- In order to master your fantasy football draft, you must build from the bottom-up to take advantage of value down your draft board.
In a 12-team PPR league, or any fantasy league for that matter, the goal is this:
Gain weekly access to as many startable games as possible that will be predictable beforehand.
Supply and demand necessitates a different approach at the positions that require only one starter than at RB and WR. The one-starter positions are more clear cut, and it’s helpful to have an idea of what you’ll do there before looking at RB and WR.
QB/TE approach: Draft a stud or wait
Most of the QBs and TEs who finish in the top-12 over a full season are still no better than a 50/50 bet to put up top-12 numbers in a given week. If you own one of them, you’ll end up either starting them during a bunch of bad games, using two roster slots on a platoon, or adding and dropping based on matchup. It’s not worth paying prime draft capital for any of those outcomes, so you only need two tiers:
• Tier 1: Players you can reasonably project to put up top-12 numbers almost every week.
• Tier 2: Everyone else.
What grouping players into tiers does is illustrate when you can safely wait on a given position because more similar options exist. Most QBs and TEs will fall into Tier 2, which dictates a barbell approach where you’d wait until very late in the draft unless you drafted a stud.
Let’s apply the strategy, starting with QB.
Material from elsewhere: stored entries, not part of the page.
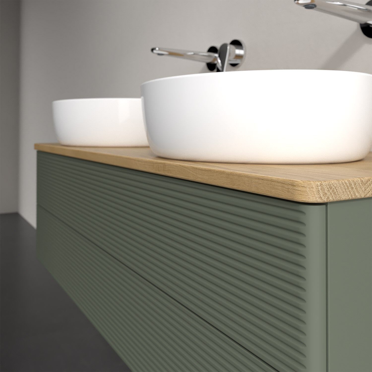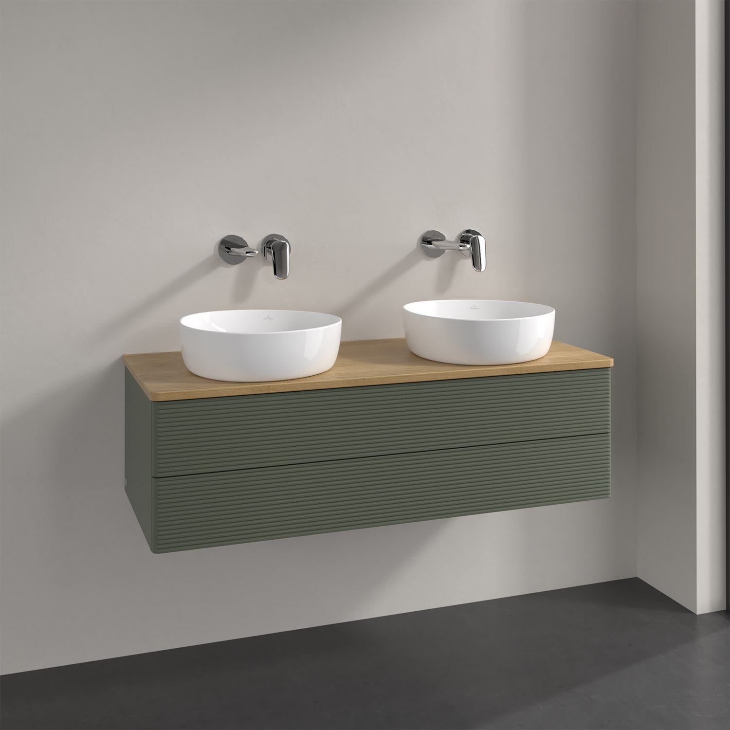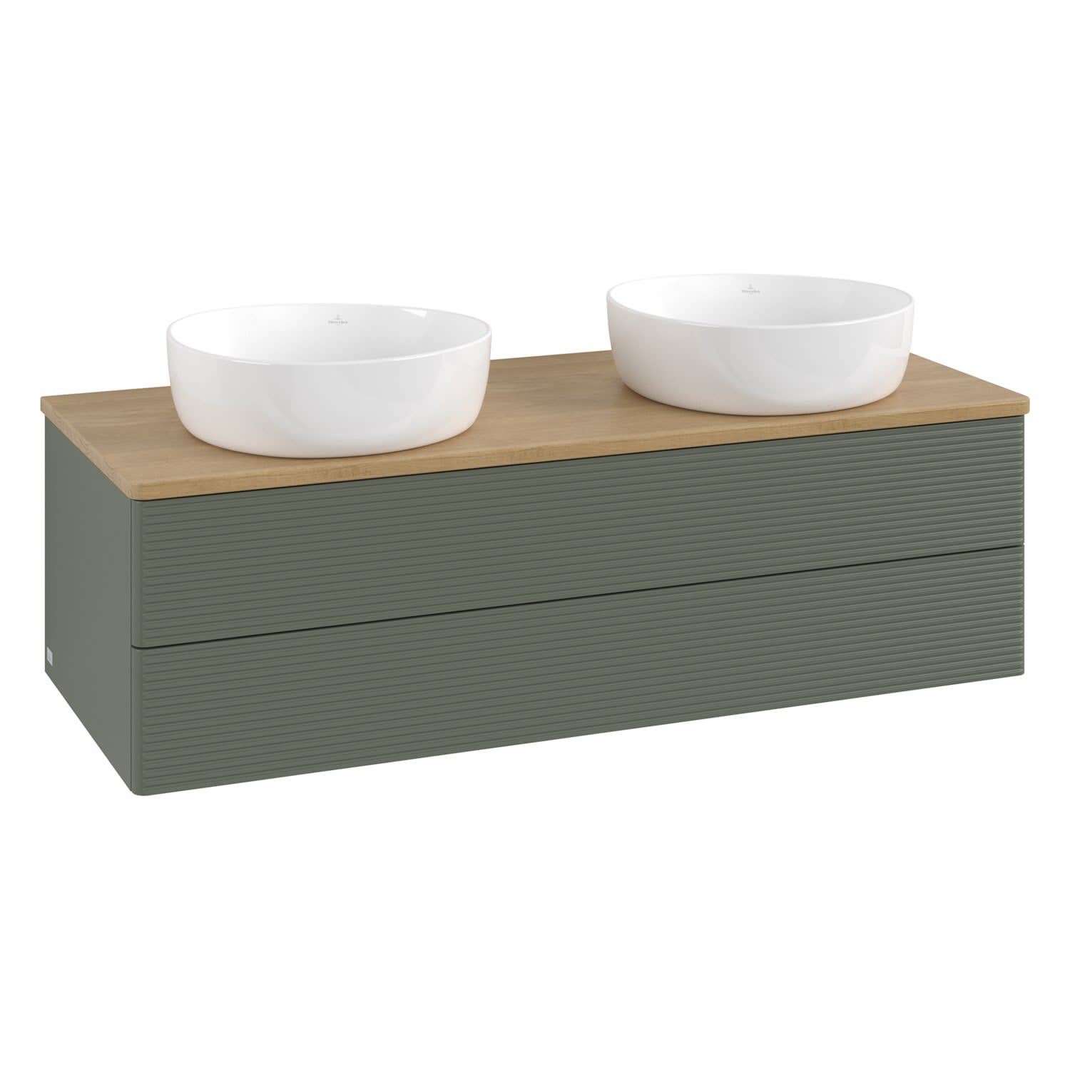 Der wandhängende Antao Waschtischunterschrank von Villeroy & Boch bietet nicht nur jede Menge Stauraum – er ist dank seines naturinspirierten Designs mit seinen abgerundeten Kanten auch noch besonders stilvoll und schafft eine gemütliche Atmosphäre im Badezimmer. Kombiniert mit zwei passenden Aufsatzwaschtischen also die ideale Wahl. Zwei geräumige Auszüge bieten viel Platz, um alles Notwendige zu verstauen und Ordnung zu halten. Öffnen lassen sie sich durch leichten Druck auf die strukturierte Front. Dabei aktiviert sich übrigens die Auszugsbeleuchtung in angenehmem Warmweiß. Dank Vollauszug hat man immer alles im Blick und der Antirutschboden verhindert ein Umfallen oder Verrutschen der Gegenstände. Einfach clever! Für eine besonders leichte Pflege sorgt die mehrschichtig deckend lackierte Oberfläche. Bei der Ausführung in Massivholz wird dank des verarbeiteten Massivholzes jedes Möbel zu einem Unikat, das sich durch das lebendige Naturmaterial durch seine einzigartige Struktur und Maserung auszeichnet.
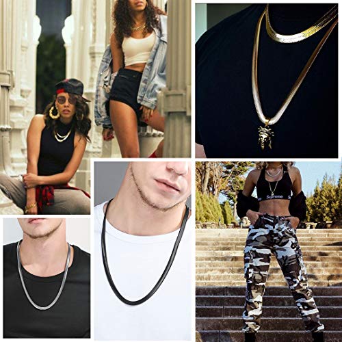 ChainsHouse Collana con Serpente per Uomo Donna Larghezza 8 mm 46 cm - 76 cm di Lunghezza [Platino Oro Nero] Acciaio Inossidabile 316L Catena a Serpente Piatta Senza Ciondolo Confezione Regalo
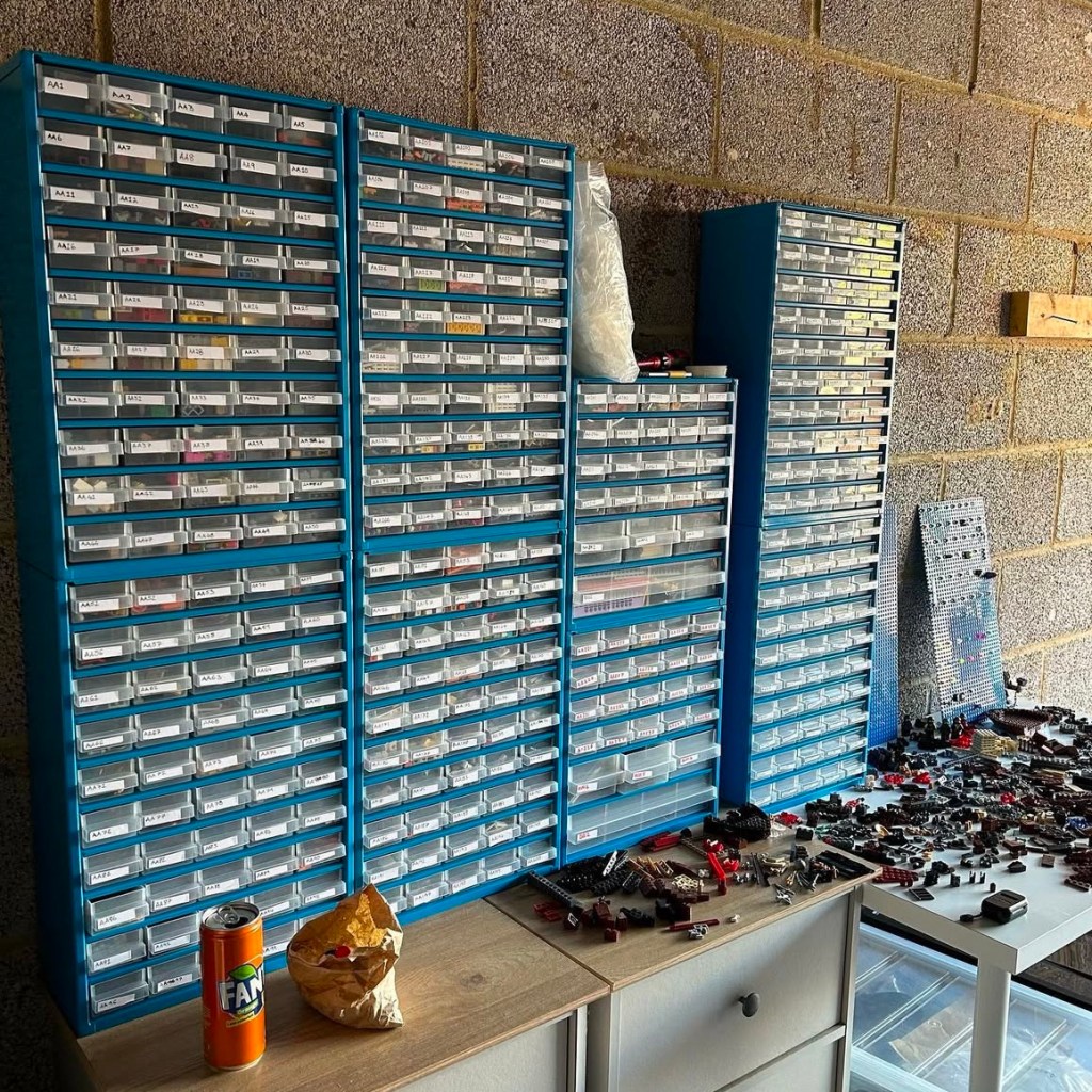 I started with the towers with the small plastic drawers which didn’t work out because of my labelling system I had no idea where anything was I unless I had bricklink, which unfortunately got hacked into soon after I started, so I had to start over. With a mix of life, building LEGO and moving house it’s taken a long time to get it all in order, but now I finally feel like I’m getting somewhere.
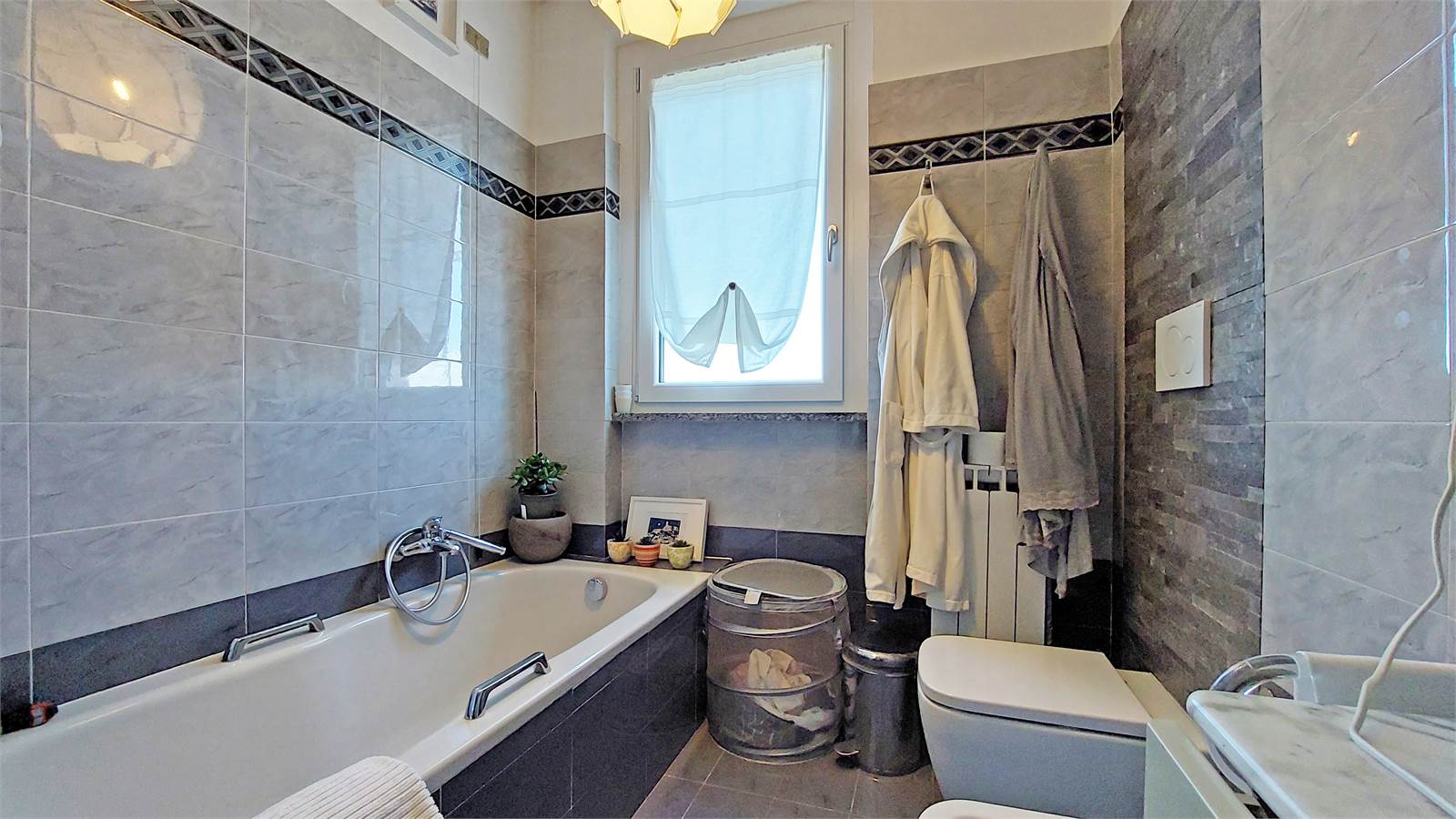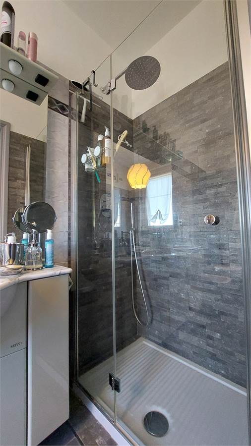Particolare attenzione è stata riservata all’efficienza energetica e al contenimento dei consumi: l’immobile è dotato di impianto fotovoltaico da 6 kW con sistema di accumulo, serramenti di nuova generazione con doppi vetri ad alte prestazioni isolanti e caldaia ibrida. A ciò si aggiungono aria condizionata con pompa di calore (due split), antifurto, zanzariere e un’inferriata presente nel bagno al piano seminterrato, elementi che contribuiscono a garantire comfort e sicurezza.

Tom Brady, Aaron Rodgers, Matt Ryan, Andrew Luck, and Dak Prescott were the only QBs to put up top-12 numbers at least 70% of the time last season. Going into this season, Luck’s health is a question mark, Ryan may regress from last season’s outlier, and Prescott doesn’t have the track record to be confidently considered matchup-proof, leaving Brady and Rodgers as the only QBs worth drafting early this season.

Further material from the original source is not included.